ANCHORAGE (KTUU) - THURSDAY 4 p.m. UPDATE:
From Alaska State Troopers
The two pilots who died in Sunday's plane crash near Togiak are identified as Timothy Cline, 43 of Homer, and Drew Welty, 29 of Anchorage, according to Alaska State Troopers.
Relatives of both men have been notified.
WEDNESDAY MORNING UPDATE:
The passenger killed in a small plane crash near Togiak on Sunday has been identified as 49-year-old Louie John from Manokotak.
The two pilots on board the Cessna have not yet been publicly identified pending notification of their family members, troopers say.
MONDAY AFTERNOON UPDATE:
Investigators arrived today at the steep, rocky site where a Cessna 208 crashed Sunday in Western Alaska, killing all three people on board.
The crash is the second fatal accident this year for Hageland Aviation, doing business as Ravn Connect, following a deadly mid-air collision Aug. 31 near Russian Mission. The operator, along with parent company HoTH Inc., was the subject of an urgent safety recommendation by the National Transportation Safety Board surrounding a series of accidents between late 2012 and 2014.
At that time, the NTSB called on the Federal Aviation Administration to audit HoTH Inc. – a collection that represents the busiest commuter airline in Alaska and included Hageland, Frontier Flying Services and Era Aviation and does business as Ravn Alaska, Ravn Connect and Corvus Airlines. Safety investigators had found shortcomings in the implementation of operator’s risk assessment program, such as flights being approved without proper safeguards, as well as flaws in how the FAA handled oversight of the carriers.
“I have to say, since that time, Hageland and Ravn have installed a state-of-the-art control center in Palmer,” said NTSB Alaska region chief Clint Johnson. “It's one Alaska has never seen the likes of.”
HoTH Inc. and affiliated air carriers reported no flight accidents from the time the NTSB published its recommendation until the August mid-air collision with a Renfro’s Alaska Adventure Super Cub, according to a review of NTSB records.
“I believe after the audit came out, and the inspection came, the company took some very unusual steps and made some remarkable tools to reverse the trend,” said Harry Kieling, of the Alaska Aviation Safety Foundation.
The investigation into the Monday crash, meantime, is just beginning.
“We look at each one of these events on a case-by-case basis, and that's exactly what we're doing in this case,” Johnson said. “(It’s) way too early to see if there are any similarities between this accident and the other accident that happened with Hageland or Ravn Connect.”
Three people are dead following a small plane crash near Togiak on Sunday afternoon, Alaska State Troopers say.
The Cessna 208 was travelling from Quinhagak to Togiak carrying three people on board, two of which were Hageland Aviation pilots, troopers wrote in a dispatch posted online.
Troopers in Dillingham were notified at around 1:26 p.m. yesterday that the plane’s emergency locator beacon had been activated. A trooper helicopter responded and successfully located the crash site about 12 miles West of Togiak. No survivors were located, troopers said.

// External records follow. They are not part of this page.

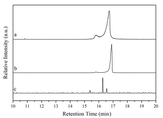Figure 4a,b, respectively), two signals are observed at 15–17 min. The existence of these signals in the chromatogram of tung oil (
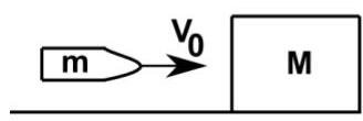 A wooden block with mass is lying on a horizontal table. It is hit by a bullet with mass which moves horizontally. The bullet remains in the block after colliding with it. The block moves on the table a distance . The coefficient of kinetic friction . Find the starting speed of the bullet.
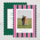 Envie alegria festiva com este Cartões de foto de Natal listrado pré-desidratado com uma charmosa borda escalpada e sotaques rosa e verdes brilhantes. Personalize a frente com sua foto favorita da família e adicione sua própria mensagem de feriado personalizada no verso. Este cartão de Natal personalizado e na moda moderno é a forma perfeita de partilhar desejos calorosos com amigos e familiares num design divertido, colorido e elegante.
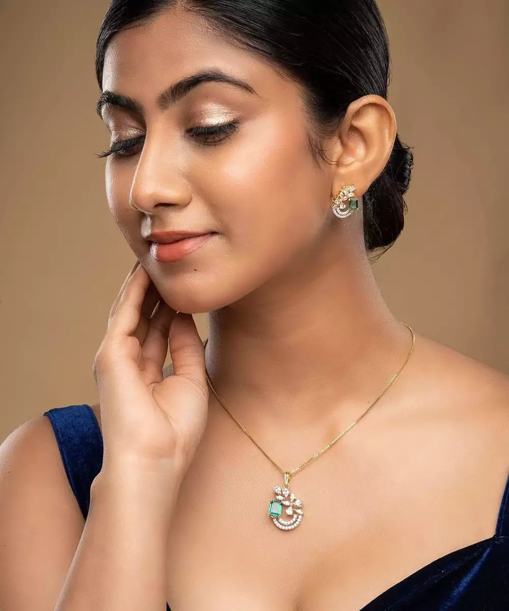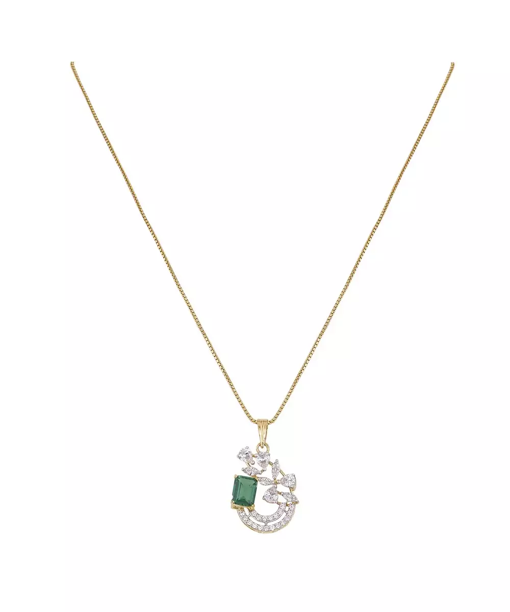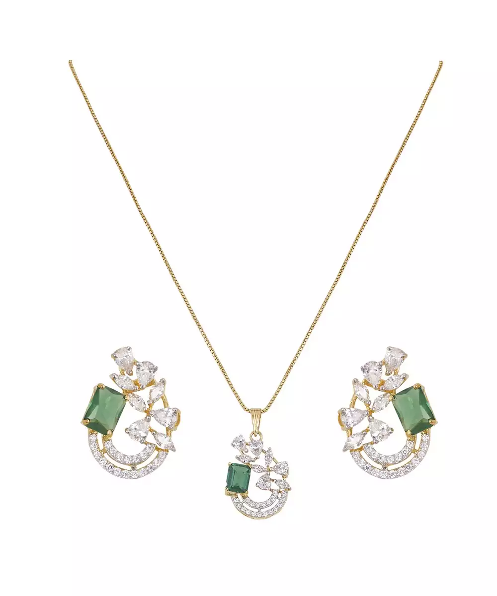 This Exquisite Gold Plated Green Stone Pendant Necklace Set Radiates Elegance And Sophistication. Featuring A Stunning Green Gemstone Centerpiece, It Perfectly Complements The Matching Earrings For A Coordinated Look. Ideal For Festive Occasions Or Evening Wear, This Set Adds A Regal Charm And A Graceful Glow To Any Outfit.

“The National Safety Board (NTSB) and the Federal Aviation Administration have been notified and will be responding to the crash site to assist in the investigation already being conducted by the Alaska State Troopers,” troopers wrote.
According to NTSB regional chief Clint Johnson, two NTSB investigators will travel to Dillingham at daybreak on Monday. Troopers will the transport the investigators to the crash site which is located on very steep rough terrain that is only accessible by helicopter, Johnson said.
The aircraft was operated by Hageland Aviation Services doing business as Ravn Connect flight #3153, the airliner confirmed on Sunday.
As of Monday morning, authorities have not yet publicly identified the victims pending notification of family members. Efforts to recover the bodies and the wreckage will begin on Monday. Troopers say the investigation is ongoing.
Togiak is a village in Western Alaska about 130 miles south of Bethel.
Another Cessna 208 operated by Ravn was involved in a fatal mid-air collision with a Super Cub last month.
BELOW: Photo from Alaska State Troopers
Correction: Ravn Connect flight #3153 was traveling from Quinhagak to Togiak at the time of the crash, not from Togiak to Quinhagak as was previously reported.